Given the explosion in income inequality between America’s managerial class and its average employees, the article a useful corrective to the idea that such outcomes are a natural product of market forces. The historical account she provides goes a long way in contesting the “tendency to treat plutocratic governance as natural,” and it reveals how exceptional the United States has been in authorizing such uniquely in-egalitarian distributions of power within the corporation.

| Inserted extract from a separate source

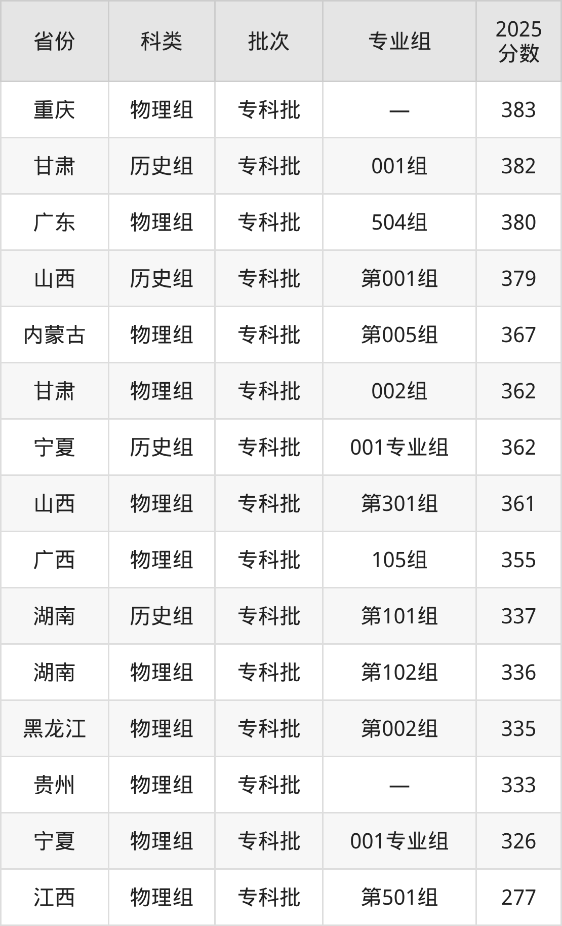 下面是濮阳医学高等专科学校2025年在全国各省的录取分数线一览表,供参考:

In the article, Dunlavy describes how the corporation was transformed, over the course of several decades, from a relatively democratic institution built on a principle of “one shareholder, one vote” into the more plutocratic “one share, one vote” institution we currently associate with the corporate form. From the introduction:
[The] essentially timeless view of the distribution of power among shareholders … is simply wrong. Shareholder power was not always “plutocratic,” that is, directly proportional to the amount of investment. Through the early decades of the nineteenth century, corporate governance was much more “democratic” than it came to be by the end of the century. Early norms put relatively little weight on the amount a shareholder had invested, and instead they tended to treat shareholders more like citizens in a relatively egalitarian polity. It was only at mid-century that democratic norms began to be pushed aside in the United States (but not elsewhere) by the modern practice of apportioning power among shareholders on the basis of their investment. This essentially historical process was an indispensable prelude to the great concentration of control that marked American corporations in the era of financial capitalism at the end of the century. In overlooking it, historians have inadvertently naturalized a particular, twentieth-century, and distinctively American form of corporate governance.

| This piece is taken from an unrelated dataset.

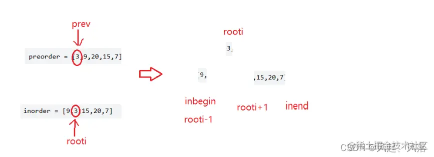 同时每次都需要prev++,来确定新的根, 每次rooti都被赋值为inbegin,是为了中序数组的新区间内寻找到根

What’s interesting is that during this period, most of these changes took place, not through shareholder votes, but via the legislative system. State legislatures (presumably at the behest of wealthy people with greater lobbying power) overturned common law rulings and rebuilt the corporate governance system on the plutocratic voting model.
This plutocratic transformation is also important for the effects it had on subsequent constitutional law. Dunlavy argues that the conventional picture of how corporations came to be seen as inherently “private,” rather than as creations of public law, misses the impact that corporate de-democratization has had on the law.
It’s not an esoteric point. Citizens United and the corporate speech cases, not to mention the Lochner Era corporate rights cases, all depend on the idea that corporations are “private” entities with rights against government interference. Constitutionalizing the corporation has been a recurrant theme among conservative jurists interested in placing managerial activities beyond democratic oversight.
To the extent that the corporate leadership is free to violate the rights of employees, waste shareholder money, pay itself exorbitant sums, and shield itself from political accountability, denaturalizing the corporate form needs to become a more important project for the left.